Mini-cluster Guided Long-tailed Deep Clustering

As an important branch of unsupervised learning, deep clustering has seen substantial progress in recent years. However, the majority of current deep clustering methods operate under the assumption of balanced or near-balanced cluster distributions. This assumption contradicts the common long-tailed class distributions in real-world data, leading to severe performance degradation in deep clustering. Although many long-tailed learning methods have been proposed, these approaches typically rely on label information to differentiate treatment across different classes, which renders them inapplicable to deep clustering scenarios. How to re-weight the training of deep clustering models in an unsupervised setting remains an open challenge. To address this, we propose a mini-cluster guided long-tailed deep clustering method, termed MiniClustering. We introduce a specialized clustering head that divide data into much more clusters than the target number of clusters. These predicted clusters are referred to as mini-clusters. The mini-cluster-level predictions serve as the guide for estimating the appropriate weights for classes with varying degrees of long-tailedness. The weights are then incorporated to re-weight the self-training loss in model training. In this way, we can mitigate model bias by re-weighting gradients from different classes.

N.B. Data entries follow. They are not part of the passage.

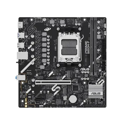 Featuring the AMD AM5 socket, the ASUS PRIME B850M‑F‑CSM supports the latest Ryzen CPUs, ensuring future‑ready computing power. With dual DDR5 DIMM slots, it supports up to 128GB of memory with speeds exceeding 8200+ MT/s (OC). This Asus 850 Motherboard is optimized for multitasking, productivity, and everyday performance, making it ideal for business and home users.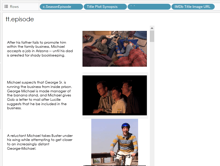 The IMDb data includes a variable called “IMDb Series Image URL”, which houses the URL for the image that IMDb uses for the show. I set that variable to use image role by right clicking it and selecting Image Role -> URL. This allows the variable to render as an image within Tableau. I put that variable on its own sheet and used it to represent the Bluth Family node of the tree.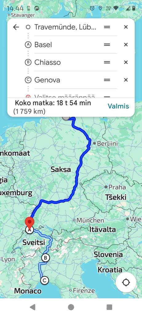 Tämän suunnitelman mukaisesti on siis menomatka jollain tavalla asetettu pöydälle. Paluumatkasta teen vain muutaman merkinnän, joissa olennaisia ovat lähtöpäivä ja sitten lauttapäivä taas kotiinpäin. Joskus teen useamman karkean reittiarvion, joihin teen tarkennuksia lähempänä paluupäivää.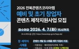 전라북도 최준규 기자2026. 03.16[시사토픽뉴스](재)전북특별자치도 콘텐츠융합진흥원 전북콘텐츠코리아랩은 콘텐츠 분야 예비 창업자와 3년 이내 초기 창업기업의 경쟁력 강화를 위한 콘텐츠 제작지원사업 참여자를 모집한다. 전북콘텐츠코리아랩은 지역 기반의 지속 가능한 콘텐츠 창·제작 생태계 조성과 활성화를 위해 운영되고 있으며, 도내 콘텐츠 창작자와 초기 창업기업의 창작 활동 및 사업화를 지원하고 있다. 이번 제작지원사업은 통합 공고 형태로 진행되며, ▲ 예비 창업자 시제품 제작지원, ▲ 초기 창업기업 사업화 지원 등 두 개 분야로 구분해 추진한다. 창·제작자 시제...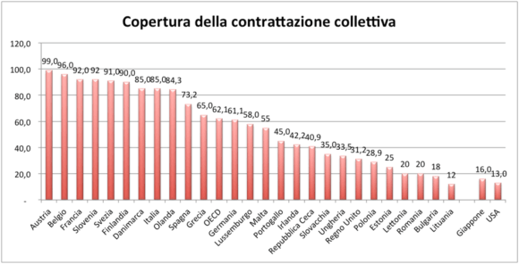 Poi anche per quanto riguarda la copertura contrattuale, l’Italia con l’85% dei lavoratori se la passa un po’ meglio della Spagna (al 73,2%). Da notare che il Governo Sanchez ha cambiato anche la gerarchia dei livelli contrattuali riconsegnando il primato alla contrattazione di settore, mentre in precedenza il modello spagnolo si caratterizzava per la contrattazione decentrata e di prossimità. Vedremo gli effetti sulle retribuzioni.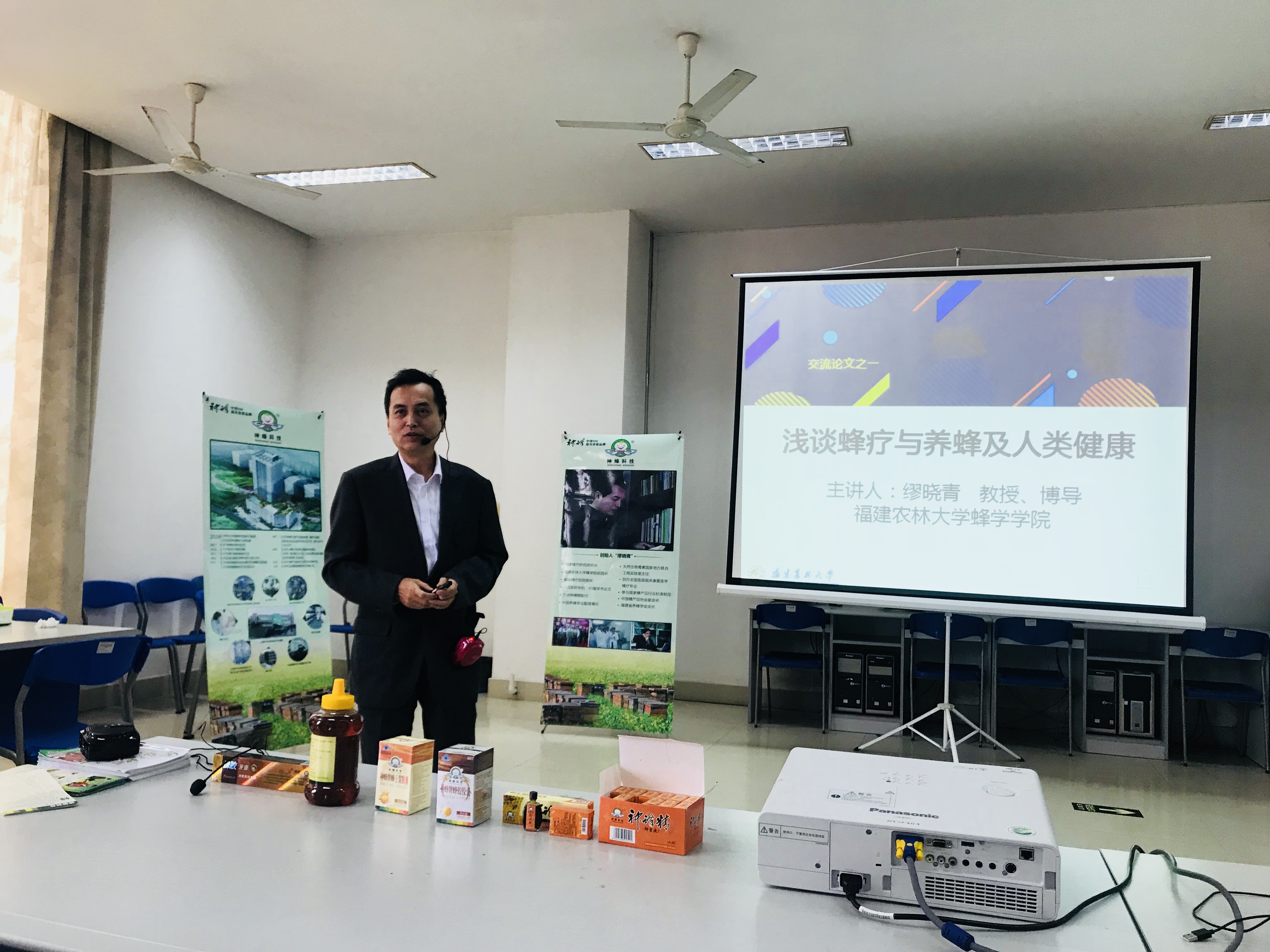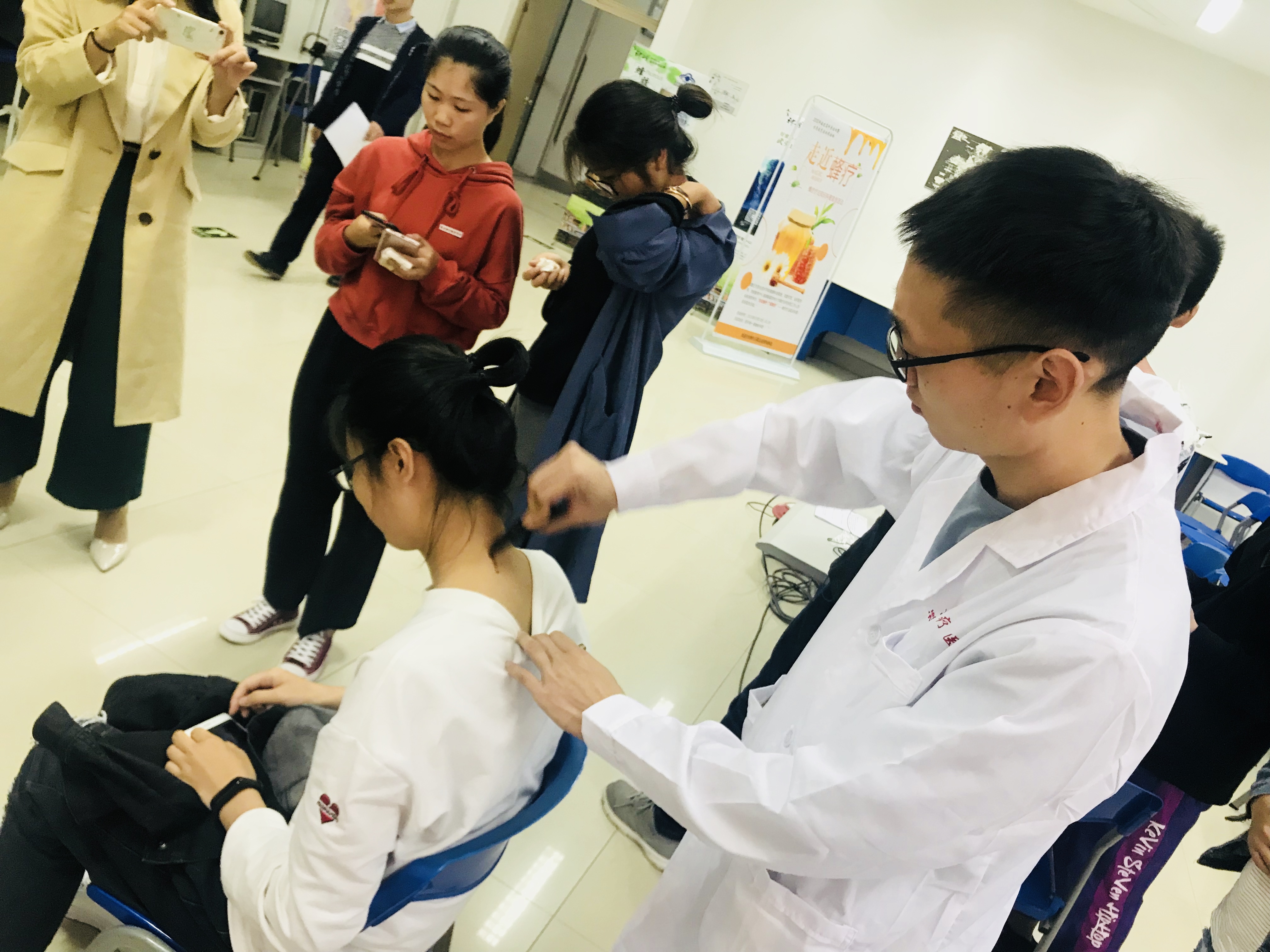 首先,蜂疗研究所市场部经理陈凌鹰向大家介绍了蜜蜂的基本知识和蜂疗研究所的发展历程。接下来,蜂疗研究所所长、福建农林大学蜂学院前院长缪晓青教授结合蜜蜂健康文化,亲自为大家讲述了自己和蜜蜂的结缘故事以及他研究发明神蜂精的历程,对师生的创新创业工作极具启发意义。最后,来自蜂疗医院的医生介绍了蜂疗手法和疗效,并为参与活动的师生们现场实践刮疗手法,大家踊跃参与体验,并纷纷表示这种蜂疗手法效果显著,体验感受很舒适。

We evaluate our method on multiple benchmark datasets with different imbalance ratios to demonstrate its effectiveness. Further, our method can be readily applied to the downstream of existing unsupervised representation learning frameworks for long-tailed deep clustering. It can also adapt label-dependent long-tailed learning methods to unsupervised clustering tasks by leveraging the estimated weights. The code is available in the Supplementary Material.